Why Everyone Should Own A Record Player

I just purchased my very first record player a little over two weeks ago. A sleek, modern Audio Technica model that just happened to fit on a shelving unit that was laying around. It’s awesome! I hope nothing breaks on it as I have no clue how to fix anything, but hey, that’s what YouTube’s for!

Everyone should buy a record player for sale for this very reason: Your appreciation for music as a WHOLE comes together in a much more logical and tangible way. I grew up in the cd era coming right out of the tape era and even back then, buying a cd for $9.99 was the equivalent of buying a car to me. Every new album was a whole new experience. Say No More by House of Heroes was the first album I bought that I feel really opened my eyes to the now familiar world of alternative rock. Tim’s vocals on it really inspired me to start singing and, though they were far from perfect, they left me wanting more. More came in the form of Cities by Anberlin. Undeniably their best album, Anberlin made me realize I wanted to play this type of heavy, rock-based, soaring vocal kind of music for the rest of my life. But it wasn’t just a song or two from that album that opened my eyes, it was the experience I had while listening to it. Their first track on it is simply titled “Intro” and it sounds like something you would hear right before the band takes the stage at a rock festival. Epic, grand, soaring guitar tones and a rhythmic pattern lead the listener to the second track “Godspeed” which breaks the mold the first song was cast in by hitting the listener with an intense guitar driven intro followed by a chorus of melodies over the course of the 3 or so minutes of intensity.
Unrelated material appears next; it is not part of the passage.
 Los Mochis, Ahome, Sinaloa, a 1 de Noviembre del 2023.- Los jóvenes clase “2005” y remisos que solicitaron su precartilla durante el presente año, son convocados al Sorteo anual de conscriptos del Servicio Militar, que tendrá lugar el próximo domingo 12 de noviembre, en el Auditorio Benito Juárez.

That’s how the whole album is, really. A flow of songs that work together in an order carefully thought out by the artist. It’s one of the more recent examples of an album that actually makes you WANT to listen to the whole album. Though their songs were different in songwriting structure, their feel carried through in every second of that album. It’s a hard thing to do. Comprise an album in a world full of singles. We live and die by the single. Singles were originally marketed to PROMOTE an album. To get the market hyped for what was coming the next month. Now, they feel like the selling point. Write a good single or two or have somebody else write one for you and sell that as the thing you’re band is most proud of- not the actual album that the single is on. Anyone remember any songs from fun.’s multiplatinum album besides “We are Young” and “Some Nights”? If you’re lucky you’ll get someone who knows the title “Carry On” as well, but good luck finding someone else who has knowledge about anything else on that album. Not all people are like that and, if you aren’t, be my best friend. But we are being raised in a musical culture that belittles albums as a whole for the sake of the quick-selling single.
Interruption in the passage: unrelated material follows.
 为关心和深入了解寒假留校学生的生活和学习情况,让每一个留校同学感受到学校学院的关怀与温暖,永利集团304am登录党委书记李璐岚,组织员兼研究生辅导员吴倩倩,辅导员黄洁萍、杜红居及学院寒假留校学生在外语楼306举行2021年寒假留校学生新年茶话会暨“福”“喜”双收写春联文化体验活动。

But back to records. Here’s the beauty of these magical things. Obviously there’s the superior audio quality. Invest in some decent speakers and hear your music come alive. But more importantly, records FORCE YOU to listen to an album because it’s an album. It has an ‘A’ and a ‘B’ side. You have to physically turn it over to hear the other half of the album. It is also a pain in the butt to play a song manually. You just don’t really “play a song” when you listen to records. Not as easily as your iPhone makes it anyways. You have to find the big groove in a bunch of lil grooves and pop that needle in there like you’re sewing with your grandma.

What’s the result? You end up listening to a record for the sake of the record. You don’t want to hear only a song because that’s not the point of it. But why? What’s the big deal about getting an “album experience”? Here’s the big deal. I purchased Jeff Buckley’s Grace album on vinyl when I bought my player. Now, I only knew by heart his cover of “Hallelujah” but I didn’t really have too much exposure to his originals besides “Lilac Wine.” I dropped the needle and was just overwhelmed with what I heard. Buckley was an artist who used haunting chords and vocals to create this beautiful, atmospheric sound that was alternative rock in its infant form. He reminded me of a softer Kurt Cobain. Just raw emotion in every song he wrote. Ever haunting, ever melodic. But this isn’t a review. It’s my point. After hearing this record and THEN listening once again to “Hallelujah” I had so much more respect for his cover. You hear it and you HEAR Buckley. You HEAR his creativity and musical style seep through into the song. You hear “Mojo Pin” in the intro notes. You understand why he uses those weird modes in the beginning that give that song that dark feel until he opens it up with the major chord during the verse. It’s his style. It’s Buckley being Buckley. It’s a good song on its own, but once you hear the record as a whole it makes a whole lot more sense.